GAR 100 - 16th Edition

Squire Patton Boggs

Squire Patton Boggs

Professional notice

A formidable investor-state disputes team is drawing in new sovereign client

People in Who’s Who Legal8
People in Future Leaders5
Pending cases as counsel197
Value of pending counsel workUS$37.5 billion
Treaty cases as counsel31
Third-party funded cases0
Current arbitrator appointments24 (13 as chair or sole)
Lawyers sitting as arbitrator6

Squire Patton Boggs was born out of a 2014 merger between Cleveland-based Squire Sanders and Washington, DC-based Patton Boggs.

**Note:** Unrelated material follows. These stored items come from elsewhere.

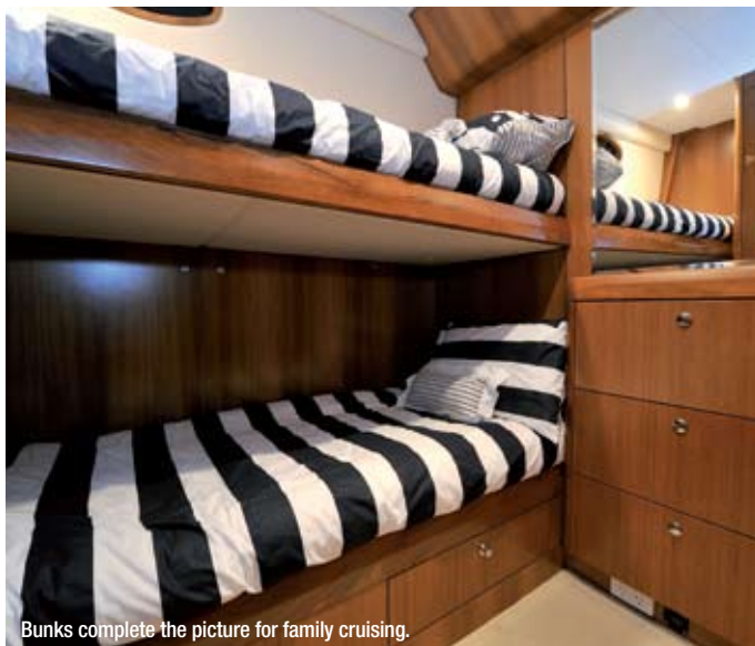
Bunks complete the picture for family cruising.

“In its short time on the water, tests with a number of experienced boat owners, unsolicited comments have included: ‘this yacht is in a league of it’s own’ and ‘it’s the best riding yacht of its size amongst the other main production boats available on the Australasian market today.’”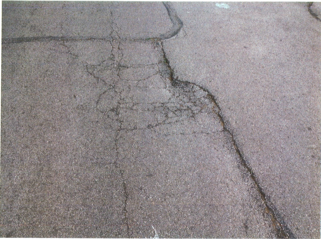
Asphalt raveling with pavement faults underneath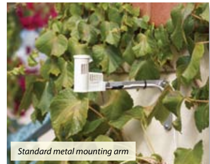
Standard metal mounting arm

Whether you offer a rain sensing device as an upgrade to your installations or you already install one as a standard piece of equipment, wouldn't you like to have options on where you must install it? The usual place to install a rain-sensing device has been on a flat vertical surface, such as a wall or fence. With the Hunter Rain-Click, you can also mount it on a rain gutter (order P/N SGM).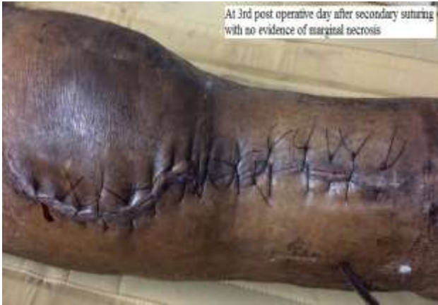
Figure 4: Following secondary suturing.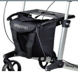
7104007 Bag, advanced, black/black $119.00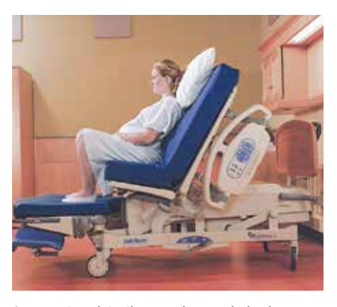
Automatic pelvic tilt to 15 degrees helps keep the patient in place during labour and improves positioning during birth.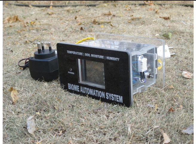
Fab Product : BIOME automation system

For Regular update: www.facebook.com/vigyan.ashram.pabal

Partner George von Mehren, who splits his time between London and Cleveland, built the Squire Sanders arbitration team in the 2000s and has led the international dispute resolution practice for two decades.

He now co-chairs the practice with Stephen Anway, who joined Squire Sanders in 2004 and works from New York and Washington, DC.

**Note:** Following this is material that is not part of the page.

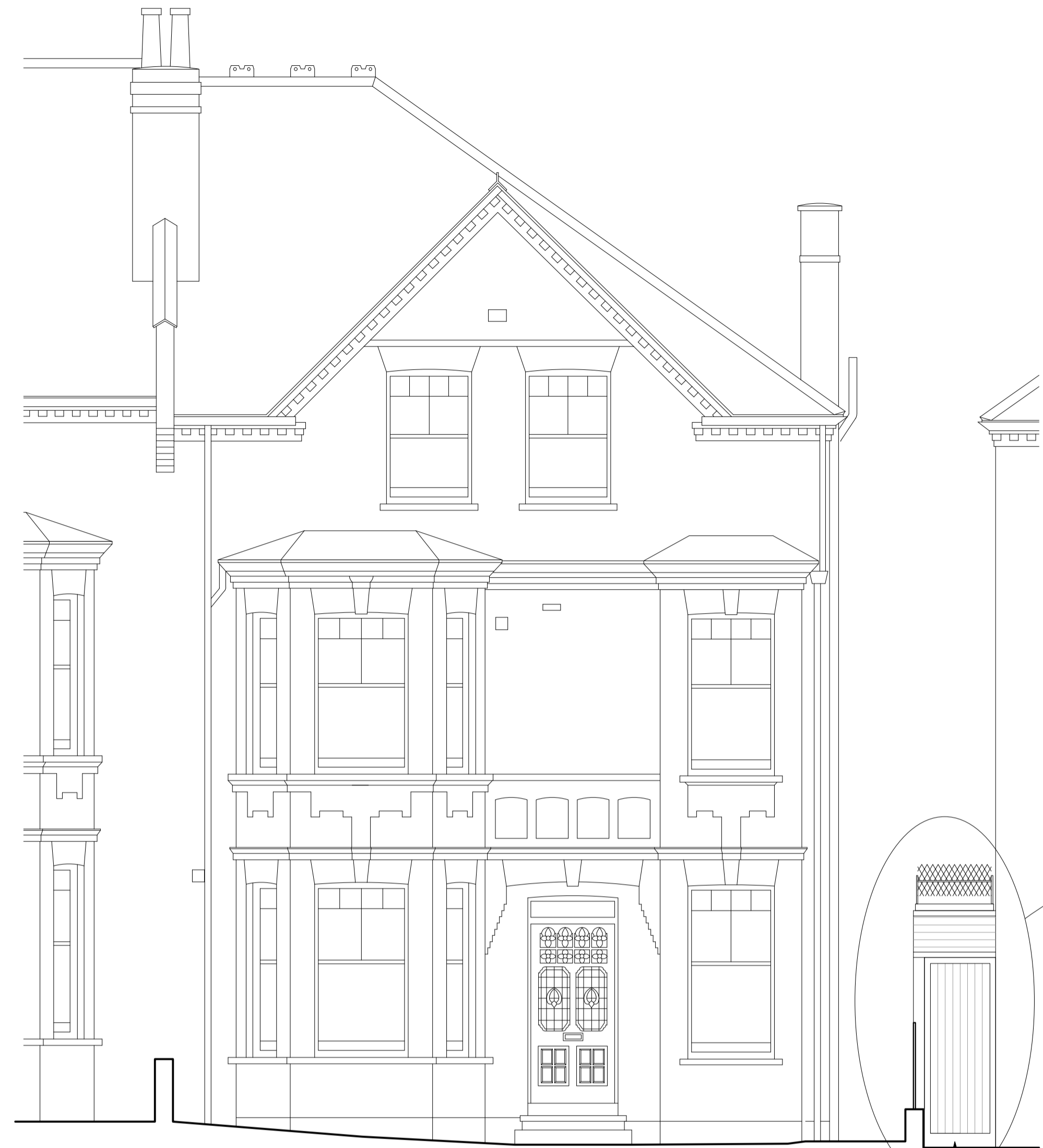
Existing Elevation 1:50

existing timber gate and panel to no.25 with security mesh over

Another long-serving partner is Rostislav Pekař in Prague, who co-heads the firm’s investment arbitration practice. The other co-head is partner Miriam Harwood in New York, who was part of a group of nine lawyers that joined in 2019 from Curtis Mallet-Prevost Colt & Mosle. They included partner Ali Gursel in New York and a team in Ashgabat.

The result is that Squire Patton Boggs now fields a formidable team for investment arbitration that is attracting new sovereign clients. Eight new governments have started using the firm in the past two years.

The firm has a strong reputation for gas price review cases. It reckons to have concluded more than 40 gas pricing disputes in Europe or Asia, with wins or settlements negotiated before arbitration, for clients including Naturgy and Edison. Michelle Glassman Bock in Brussels leads much of this work.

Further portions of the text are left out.